WASHINGTON – A startling increase in diabetes cases in Maryland should serve as a “wake-up call” to younger Marylanders that they need to change unhealthy habits now, state health officials said.
Obesity and unhealthy lifestyles contributed to a 70 percent increase in diabetes cases among individuals 30-39 years old across the country, according to health experts. Experts are most troubled by the increase in those diabetes cases among adults, also called Type II diabetes.
Diabetes cases overall rose by more than 30 percent in the United States from 1990-98, according to the federal Centers for Disease Control and Prevention, and by more than 35 percent in Maryland.
Earl Schurman of Maryland Division of Diabetes Control called the increase in Type II cases “very disconcerting.” In 1997, diabetes cost the state about $2.7 billion and the state now faces the possibility of spending even more money now on an ailment that could be prevented by proper diet and exercise.
“It is going to create a huge overload on the health-care system,” said Schurman.
In 1997, more than 210,000 adults in Maryland were diagnosed with diabetes, about 5.5 percent of the population, according to CDC statistics.
The CDC study also reported an apparent link between the prevalence of diabetes and the number of obese people in a given area. Health officials blame some of the increase on lifestyle changes over the past few years.
“I think clearly this is a mandate to take a look at the correlation,” between lifestyle and diabetes, Schurman said.
Day-to-day activities just aren’t as physical anymore said Mary Kay Sones, health communication specialist for the CDC.
“We can do things on-line now that we weren’t able to do before,” said Sones, noting that people can even avoid the light exertion of pushing a shopping cart by buying their groceries on-line.
Another contributing factor is that many school lunches are high in fat, Schurman said.
Physicians and health-care practitioners expect to see the most common form of diabetes, Type II, in individuals past age 40. Diabetes often leads to additional complications such as heart disease and non-healing leg or foot ulcers.
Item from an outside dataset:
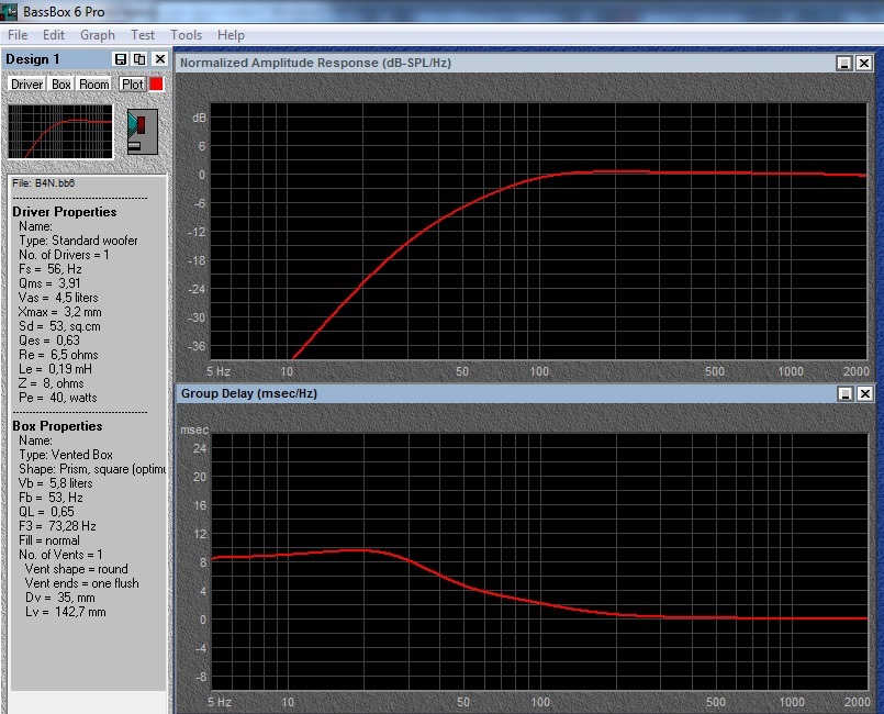 Фильтры колонок моделировались в Вохsim, акустическое оформление мидбаса- в BassBox 6 Pro

Health-care officials say that all they can do is expand their teaching efforts and hope the message kicks in. Maryland officials expect to begin focusing on the benefits of proper diet and exercise as well as the correlation between obesity and diabetes for all age groups in the future.
“We’re kind of being told by CDC to expand our focus,” Schurman said.
Even though they said the CDC report will have the benefit of spurring renewed action against diabetes, officials indicated the study had some faults.
“It could be a situation where, in the past, the numbers may have been underreported,” said Marty Schaefer of the American Diabetes Association Maryland chapter.
Another reason for Maryland’s relatively high increase may be the fact that the state has a disproportionately higher number of African-Americans than rest of the country, Schurman said. African-Americans, who tend to be more predisposed to diabetes, make up 25 percent of Maryland’s population compared to about 13 percent of the U.S. population.
On the other hand, both the authors of the study and some officials believe the numbers could actually be higher.
The survey, published in the September, was based on phone interviews. But officials note that individuals without telephones tend to be of low socioeconomic status, which is also mostly associated with diabetes and obesity.
Ten states were not included in the study because of insufficient data.